The Comoros has a university called the University of Comoros. Teacher training and other specialized courses are available at the M'Vouni School for Higher Education, in operation since 1981 at a site near Moroni. Few Comoran teachers study overseas, but the republic often cannot give its teachers all the training they need. Some international aid has been provided, however, to further teacher training in the islands themselves. For example, in 1987 the IDA extended credits worth US$7.9 million to train 3,000 primary and 350 secondary school teachers. In 1986 the government began opening technology training centers offering a three-year diploma program at the upper secondary level. The Ministry of National Education and Professional Training is responsible for education policy.

As elsewhere in Comoran society, political instability has taken a toll on the education system. Routinely announced reductions in force among the civil service, often made in response to international pressure for fiscal reform, sometimes result in teacher strikes. When civil service cutbacks result in canceled classes or examinations, students have at times taken to the streets in protest. Students have also protested, even violently, against government underfunding or general mismanagement of the schools: the World Bank stated in 1994 that the quality of education resulted in such high rates of repetition and dropouts that the average student needed fourteen years to complete the six-year primary cycle.

Primary education is compulsory until the age of 14. However, the government does not enforce attendance, and boys are often given preference. In 2002, the gross primary enrollment rate was 90 percent and in 1999, the most recent year for which data are available, the net primary enrollment rate was 55 percent. Gross and net enrollment ratios are based on the number of students formally registered in primary school and therefore do not necessarily reflect actual school attendance. In 2000, 44.2 percent of children ages 5 to 14 years were attending school. There is a general lack of facilities, equipment, qualified teachers, textbooks and other resources. Salaries for teachers are often so far in arrears that many refuse to work.
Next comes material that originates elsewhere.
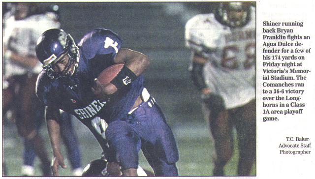 outgained the Longhorns 377 yards to 113, and Shiner's defense smothered any comeback attempt

The Human Rights Measurement Initiative (HRMI) finds that Comoros is fulfilling only 69.8% of what it should be fulfilling for the right to education based on the country's level of income. HRMI breaks down the right to education by looking at the rights to both primary education and secondary education. While taking into consideration Comoros' income level, the nation is achieving 76.7% of what should be possible based on its resources (income) for primary education but only 62.8% for secondary education.